Lenin was the son of a school inspector, a position with status in tsarist times, although he had “liberal ideals.”

His mother, whose maiden name was Blank, was of German descent and the family followed the rites of the Orthodox church.

Alexander, Lenin's older brother, was arrested in 1887 in St. Petersburg and accused of attempting the assassination of the tsar.

Many believe that Alexander's execution turned the young Vladimir Ilyich Ulyanov toward extremist ideals, but that theory has recently been discarded.

His conversion to Marxism came later, when he was studying Law at the University of Kazan.

“In contrast to typical Russian revolutionaries, like his late brother, driven by idealism, Lenin's dominant political impulse would never cease to be hatred.

“Seated on this emotional foundation, his socialism was from the beginning fundamentally a doctrine of destruction,” Pipes maintains.

Lenin and Stalin, in an image from 1922. Photo: AFP

But, certainly and as another notable historian – of Marxist training – such as Eric Hobsbawn defined it, “the 17th of Russia gave rise to the most far-reaching revolutionary movement that modern history has ever known, even in relation to the French Revolution.”

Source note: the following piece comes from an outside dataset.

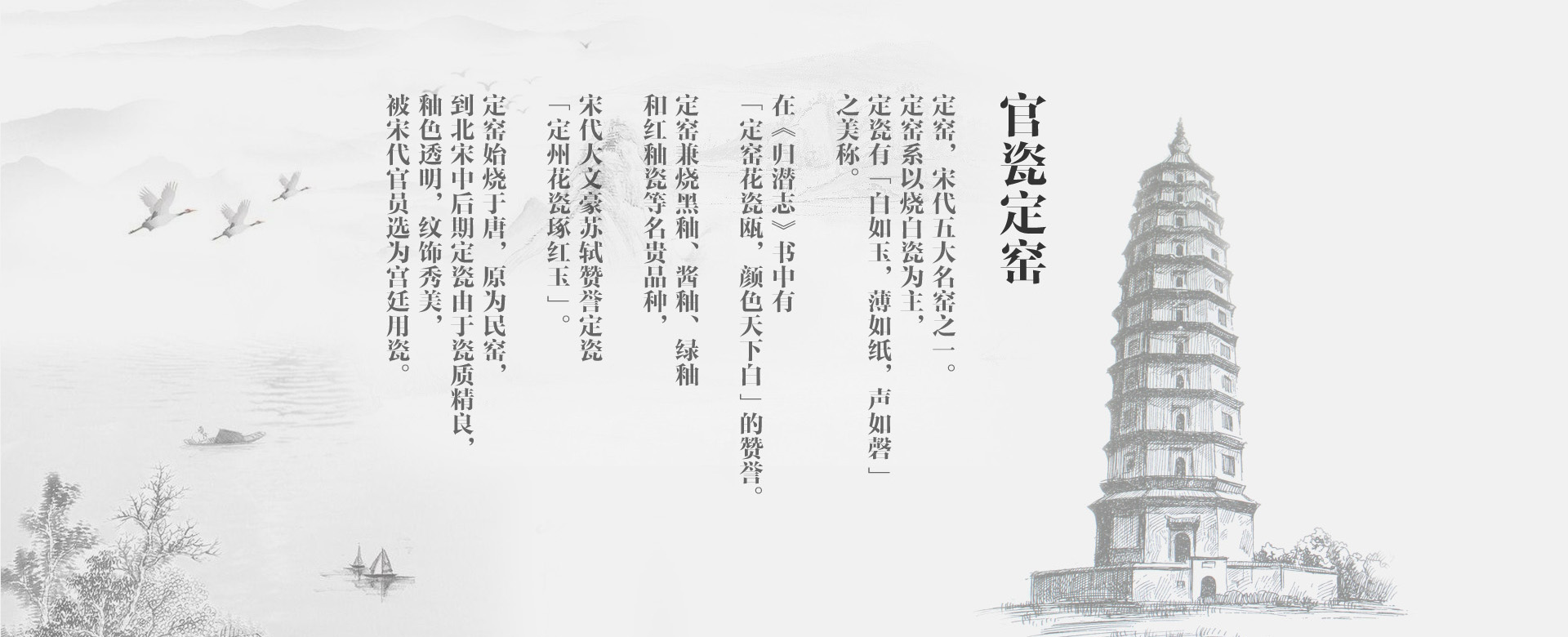 定窯為宋代五大名窯之一,窯址在今河北省曲陽(yáng)澗滋村、野北村及東西燕村,在宋代屬定州,故名。創(chuàng)燒于唐,極盛于北宋及金,終于元。以產(chǎn)白瓷著稱,兼燒黑釉、醬釉和釉瓷,文獻(xiàn)分別稱其為“黑定”、“紫定”和“綠定”。

Hobsbawn also noted that “The great mass revolutions that break out from below – and Russia in 1917 was probably the most impressive phenomenon in all of history – are in some ways natural phenomena (…) largely uncontrollable.

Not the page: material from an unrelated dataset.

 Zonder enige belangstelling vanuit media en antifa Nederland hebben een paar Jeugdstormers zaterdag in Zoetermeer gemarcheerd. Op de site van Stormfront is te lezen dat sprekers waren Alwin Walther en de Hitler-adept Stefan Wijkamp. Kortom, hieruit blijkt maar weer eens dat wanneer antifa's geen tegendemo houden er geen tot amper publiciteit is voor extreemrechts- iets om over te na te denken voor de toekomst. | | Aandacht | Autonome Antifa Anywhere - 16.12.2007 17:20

Although Lenin's objectives (...) were not relevant.

He could have no strategy or perspective beyond choosing, from day to day, between decisions necessary for immediate survival and those that represented the risk of immediate disaster.”

Both for his theoretical framework – his influence on socialist/communist thought is the most decisive since the time of Karl Marx – and for his action at the head of the regime – even if he was not so decisive in the previous years, which he spent mostly in exile or hidden- Lenin can be considered

one of the most relevant men of the last century

.

On an almost religious level, orthodox communists around the world defined him from that moment on as “leader and educator of the world proletariat, who will live eternally in the heart of humanity.”

The dark secret services

But, on the other hand, he was also the man who created the dark secret services (the Czech, later converted into the NKVD) and the first concentration camps, the Gulags that consumed the lives of millions of people.

It was a Russian historian, Dmitri Volkogonov, in his 1996 biography “The Real Lenin” who detailed Lenin's orders for terror: “Not only did he inspire revolutionary terror, but he was the first to establish it as an institution of the State.”

Exactly 100 years ago,

as soon as Lenin's death was known, Stalin did not delay even a moment to advance.

Already that chronicle that we cited in

The New York Times

noted that "the newspaper Pravda publishes a furious attack against Trotsky and other 'insurgents' (...) Apparently ill, Trotsky left...".

The legacy

Despite having only held power for a very brief period, from the Revolution until his physical decline, Lenin left a profound legacy, both in Russia and in the rest of the world.

And communism became a political force of decisive importance in many countries.

“In the Soviet Union,” says Ian Kershaw, “the essential elements of the system of government that Lenin established remained intact until the collapse of the USSR, more than seven decades later.”

The same historian concludes that “The Russian Revolution was a momentous event of the 20th century.

And at that crucial historical juncture, the role that Lenin personally played was decisive.

He was swept up in the revolutionary currents of his time.

Without Lenin's leadership it is impossible to imagine that the changes generated by the revolution, both in Russia and in Europe, occurred as they finally did.

Lenin knew how to take advantage of the opportunity of his time, but he never lost sight of the clear ideological objectives of a revolutionary transformation (...) Lenin had a much greater impact on history than any other individual of his time, he was one of the most relevant architects of 20th century Europe.